None of the activities of these groups are entirely unfamiliar to the modern eye. While many primarily involved the collection and dissemination of basic and current intelligence often without any further analysis, one must remember that so too did most contemporaneous government intelligence activities of the day – a style of production that persisted largely unchanged until the 1950’s (and continues even to this day in a number of shops in both government and corporate practice).

The fundamental business models of privatized intelligence are also visible in this history, whether in the form of pay for product, subscription, industry association, or corporate department. The success – or failure – of certain variants over others (as clearly indicated by prevalence and longevity) points towards some of the core determinants which shaped the contemporary market for intelligence . One can argue that the same dynamics impacted even the (comparatively) distorted market within the state level monopolies, but that is a discussion for another day.

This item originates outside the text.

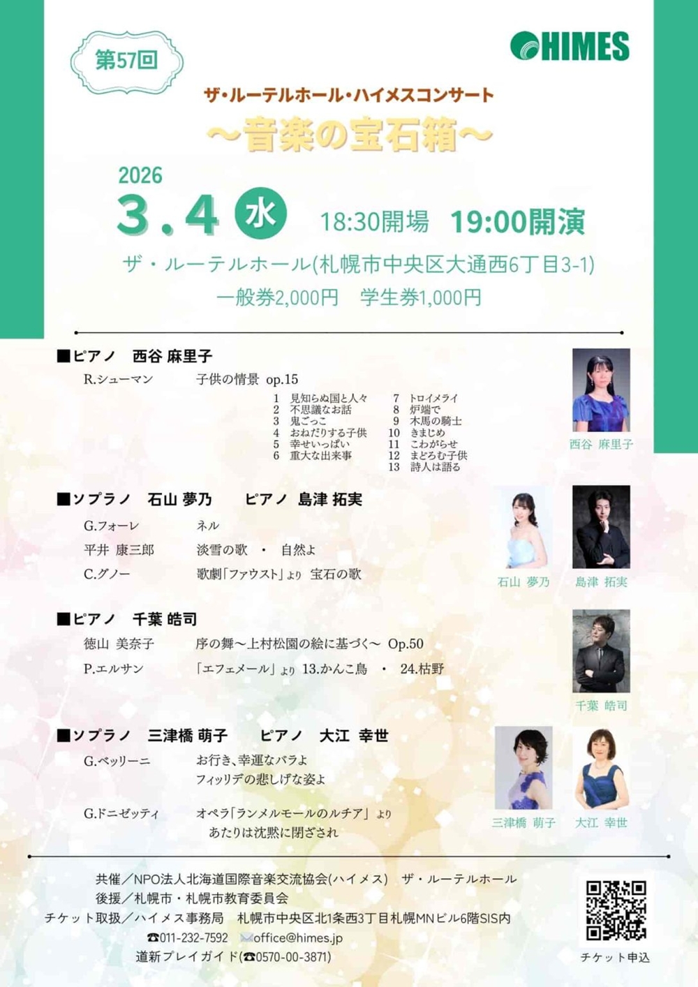第57回ザ・ルーテルホール・ハイメスコンサート〜音楽の宝石箱〜 3月4日(水)19:00〜20:30 ザ・ルーテルホール(札幌市中央区大通西6丁目3-1) 出演者・演奏曲 @ピアノ/西谷麻里子 R.シューマン/子供の情景 op.15 Aソプラノ/石山 夢乃、ピアノ/島津 拓実 G.フォーレ/ネル 平井康三郎/淡雪の歌・自然よ C.グノー/『ファウスト』より「宝石の歌」 Bピアノ/千葉 皓司 徳山美奈子/序の舞〜上村松園の絵に基づく〜作品50 P.エルサン/『エフェメール』より「13.かんこ鳥」「24.枯野」 Cソプラノ/三津橋萌子、ピアノ/大江 幸世 ベッリーニ/お行き、幸運なバラよ /フィッリデの悲しげな姿よ ドニゼッティ/オペラ『ランメルモールのルチア』より「あたりは沈黙に閉ざされ」 |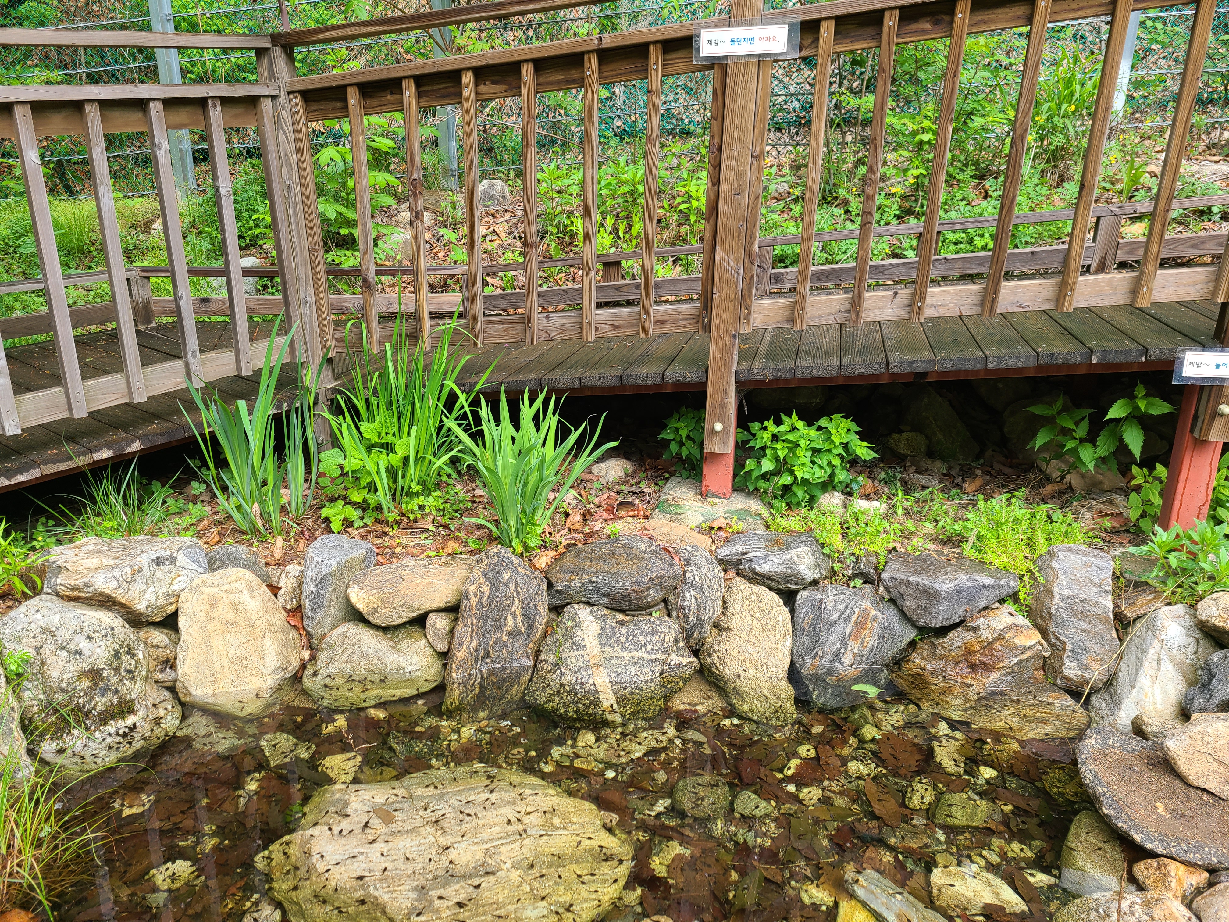 계곡 옆 테크로드 아래 조그만 연못이 있는데 올챙이가 가득하게 있다. "제발~~ 돌 던지면 아파요."라는 문구가 테크에 붙어있다. 장난으로 돌을 던지는 사람들이 있나?

There are no doubt reams of documentation as yet uncovered, particularly within the larger of these institutions which remain extant, and within the archives that may have passed into the hands of libraries and university collections. This is a mine for fundamental research in the intelligence field that has yet to be fully tapped. There is no doubt that it will be the future source of much value in the literature of intelligence.